2. CONSULTING SERVICES. During the Consulting Period, Consultant agrees to
provide technology, product, design and other advice as required by the Company
(the "Consulting Services"). During the Consulting Period, Consultant shall be
available to
perform the Consulting Services as reasonably requested by the Company;
PROVIDED, HOWEVER, that (i) during the first year of the Consulting Period,
Consultant is not required to perform services for more than an aggregate of 100
hours per calendar month, (ii) during the second year of the Consulting Period,
Consultant is not required to perform services for more than an aggregate of 75
hours per calendar month, and (iii) during the third year of the Consulting
Period, Consultant is not required to perform services for more than an
aggregate of 50 hours per calendar month.

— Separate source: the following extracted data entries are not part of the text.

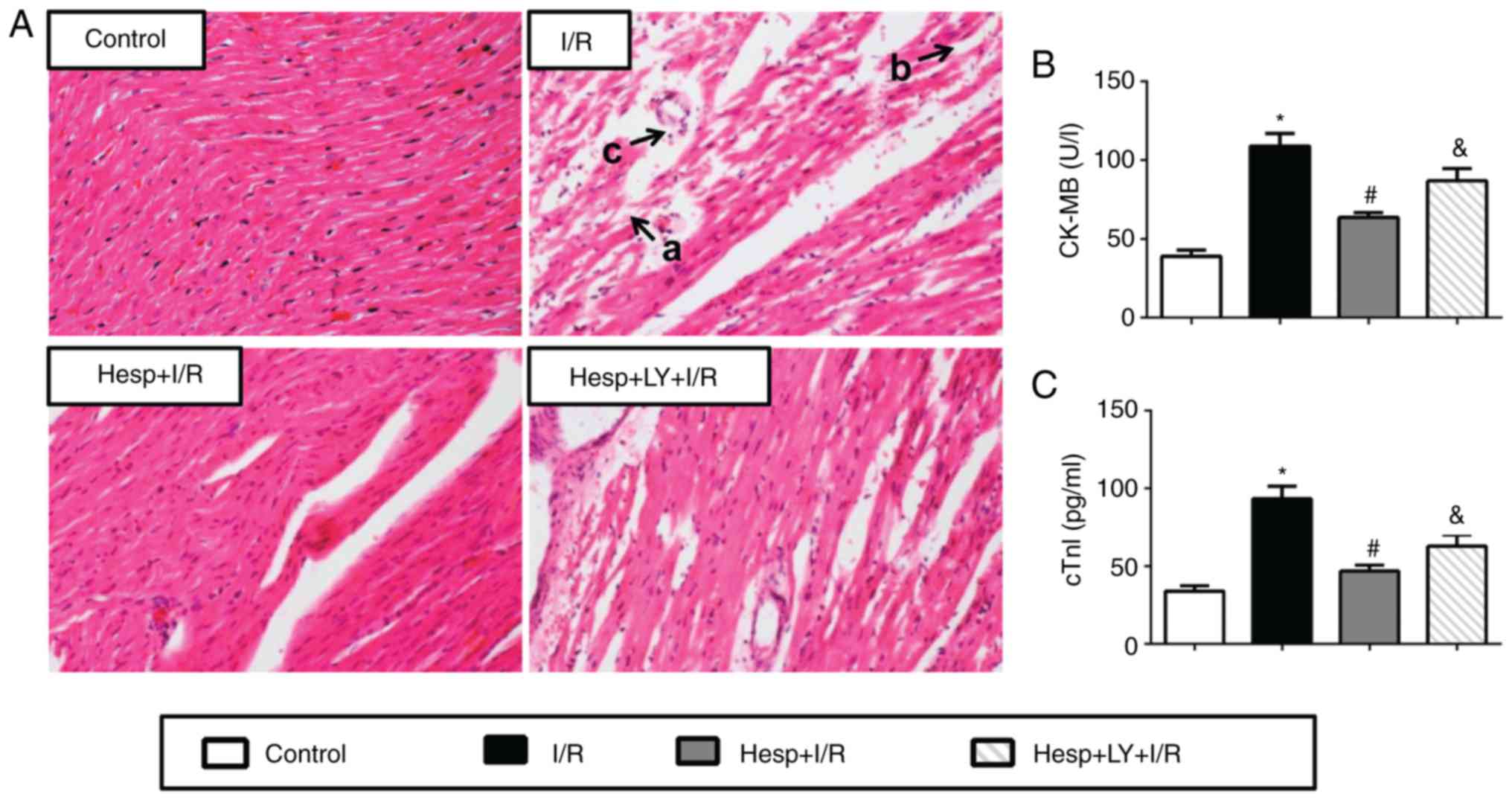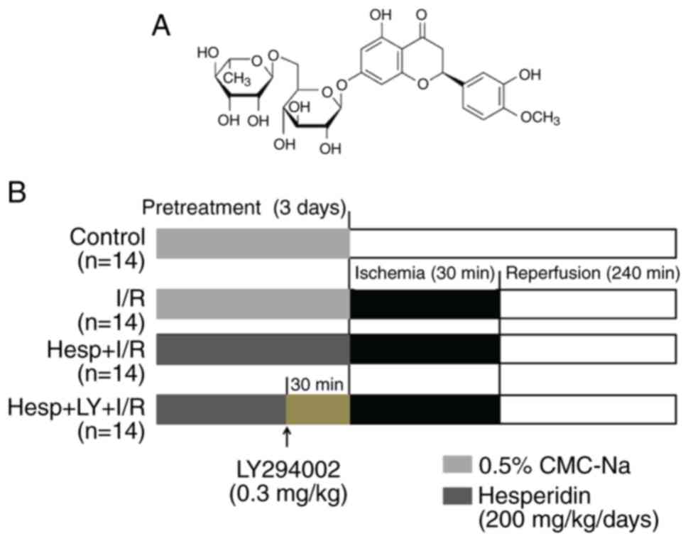 Li X, Hu X, Wang J, Xu W, Yi C, Ma R and Jiang H: Short-term hesperidin pretreatment attenuates rat myocardial ischemia/reperfusion injury by inhibiting high mobility group box 1 protein expression via the PI3K/Akt pathway. Cell Physiol Biochem. 39:1850–1862. 2016. View Article : Google Scholar : PubMed/NCBI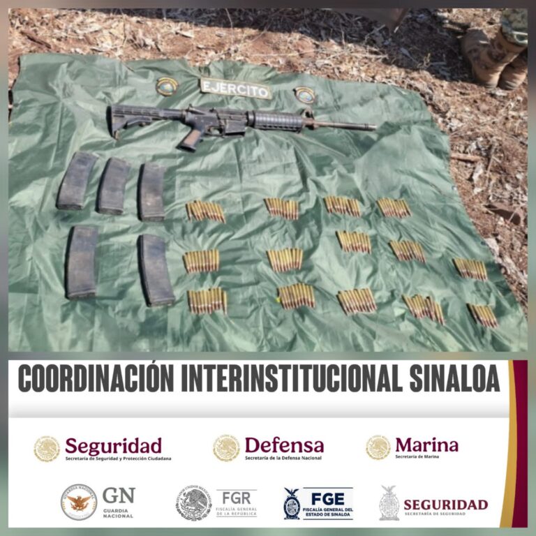 Culiacán, Sin.- Elementos del Ejército Mexicano, en coordinación con la Guardia Nacional, la Secretaría de Marina, la Secretaría de Seguridad y Protección Ciudadana, la Fiscalía General
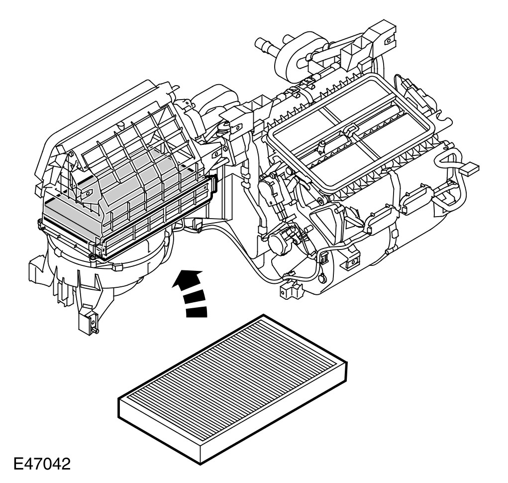 The cabin air filter is a combined pollen and odor filter installed in the air inlet duct. The filter removes particulates and unpleasant odors from the fresh and recirculated air entering the blower.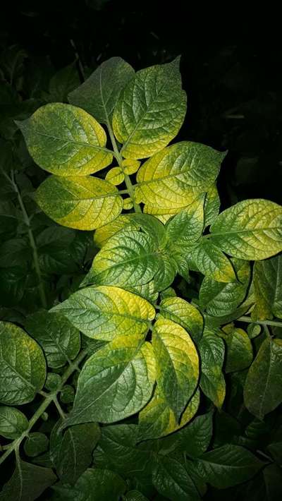 I have two potato plants. I am noticing the past days that potato no1 keeps growing as less green than normal (I am comparing it with potato no2) Potato no1 was suffering late blight, so I was using solution for this the past (maybe there is a root rot issue). Potato no1, seems still suffering something I not sure what it is. I have included pictures for the lower leaves because they seem little dying. Previously I have posted an issue and applied a solution for late blight, the leaf I posted is surviving so far, and disease not spreading on it, but not sure what is happening for all other lower leaves.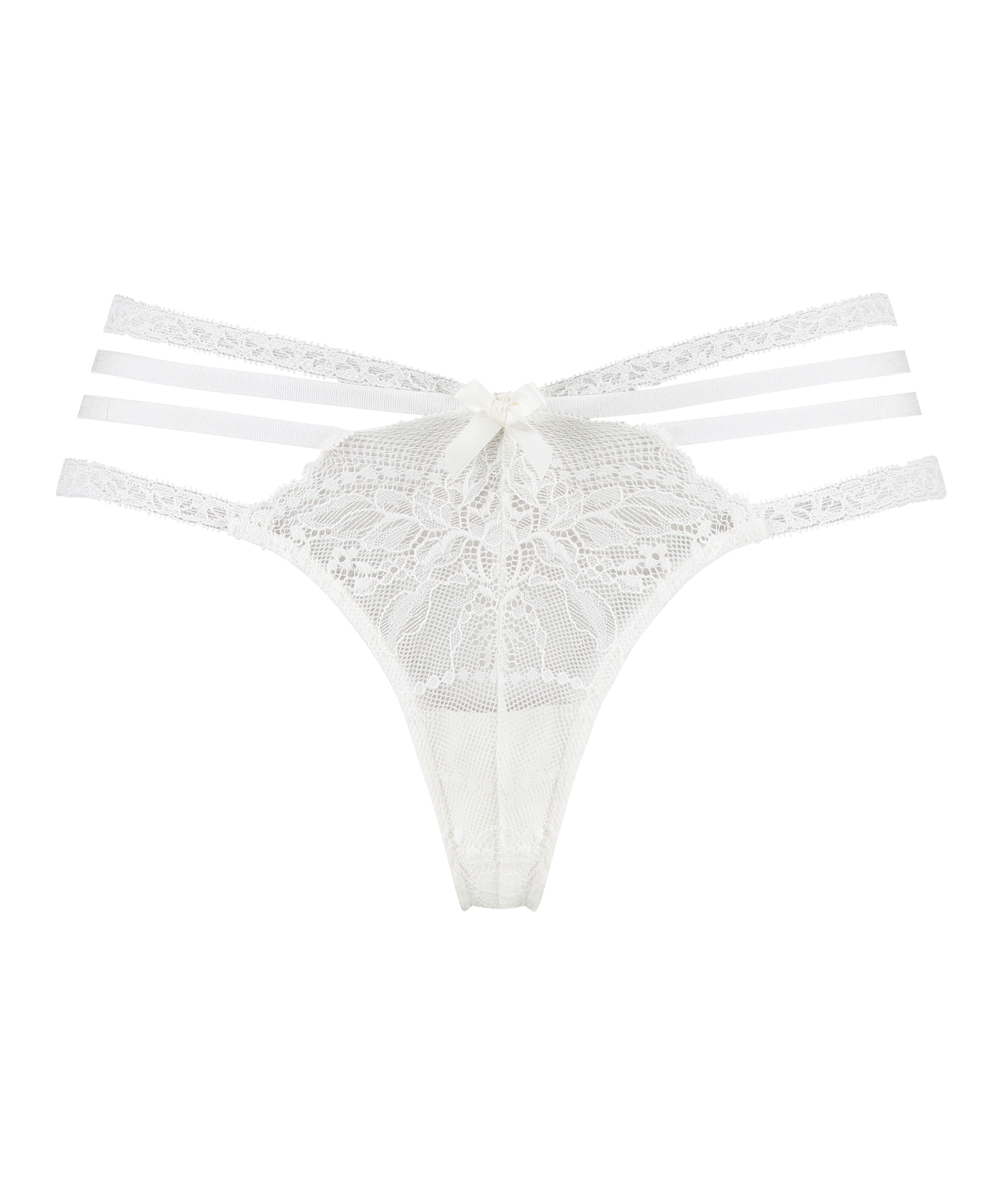 Føl dig supersexet i denne g-streng! Den er hovedsagelig lavet af blonder, der er en flot sløjfe foran, og stropperingerne er prikken over i’et. Kombiner med dit eget yndlingstilbehør.

In no event shall Consultant be
required to regularly report or work at locations designated by the Company that
are outside of Northern Virginia or the Greater Washington, D.C. metropolitan
area, without the Consultant's express consent.
3. COMPENSATION.
(a) CONSULTING FEES. The Company shall pay Consultant a base fee at the
rate of (i) $200,000 for the first year of the Consulting Period, (ii) $175,000
for the second year of the Consulting Period (iii) $150,000 for the third year
of the Consulting Period, and (iv) $150,000 per year for any subsequent years
due to the extension of the Consulting Period pursuant to Section 1(b) hereof
(the "Consulting Fee"), payable on a by-weekly basis irrespective of the number
of hours served.
(b) MEDICAL COVERAGE. During the Consulting Period, Consultant and his
dependents will be covered under the medical benefit plans generally in effect
from time to time for senior executives of the Company and their dependents,
including dental and prescription drug coverage, if any, provided that the
Company will bear 100% of the costs of any such coverage.

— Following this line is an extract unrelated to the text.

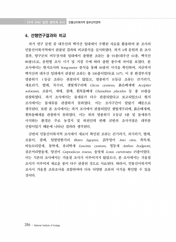 2016 DMZ 일원 생태계 조사 민통선이북지역 동부산악권역 286 ? National Institute of Ecology 4. 선행연구결과와 비교 과거 연구 문헌 중 대우산과 백석산 일대에서 수행된 자료를 활용하여 본 조사의 민통선이북지역에서 관찰된 결과와 비교분석을 실시하였다. 과거 4개 문헌과 본 조사 결과, 양구군의 비무장지대 일대에서 출현한 조류는 총 91종 대우산 61종, 백석산 86종 으로, 문헌별 조사 시기 및 지점 수에 따라 출현 종수에 차이를 보였다. 본 조사에서는 현지조사와 Song-meter 분석을 통해 66종의 서식을 확인하여, 지금까지 백석산과 대우산 일대에서 관찰된 조류는 총 106종이었다 표 147 이 중 환경부지정 멸종위기 Ⅰ등급 조류는 관찰되지 않았고, 멸종위기 Ⅱ등급 조류...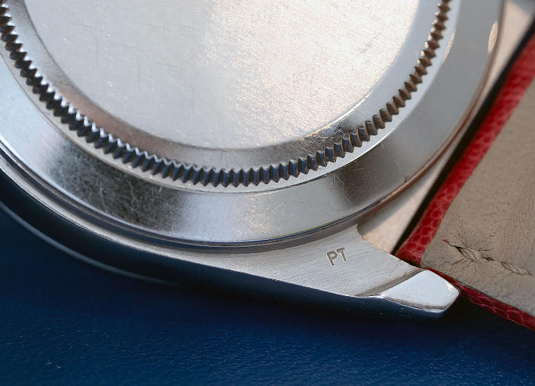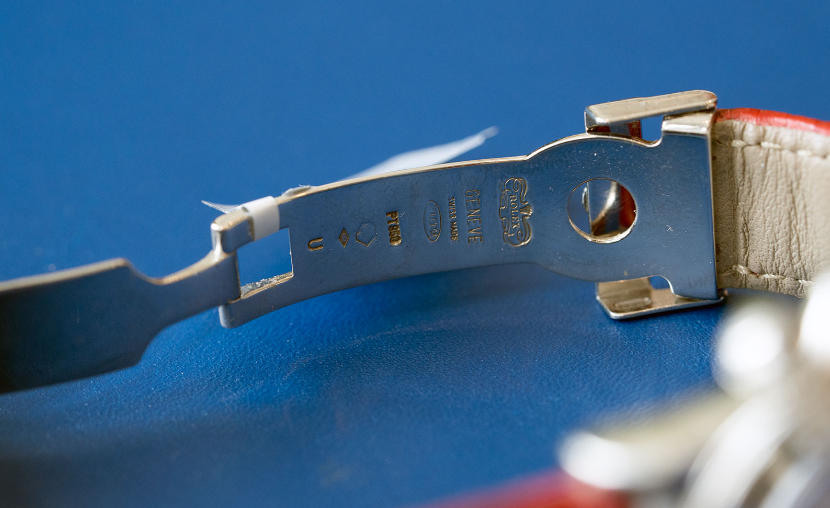 In the hand this seems to feel a little heavier than its white gold equivalent, as it should be. The primary tangible difference lies in the hallmarks on the case and clasp.

(c) LIFE INSURANCE. During the Consulting Period, the Company shall
provide the Consultant with life insurance coverage equal to $50,000, provided
that the Company will bear 100% of the costs of any such coverage.
(d) BUSINESS EXPENSES. All reasonable and necessary business expenses
incurred by the Consultant in the performance of his services hereunder shall be
promptly reimbursed by the Company in accordance with the Company's standard
expense reimbursement policies applicable to contractors.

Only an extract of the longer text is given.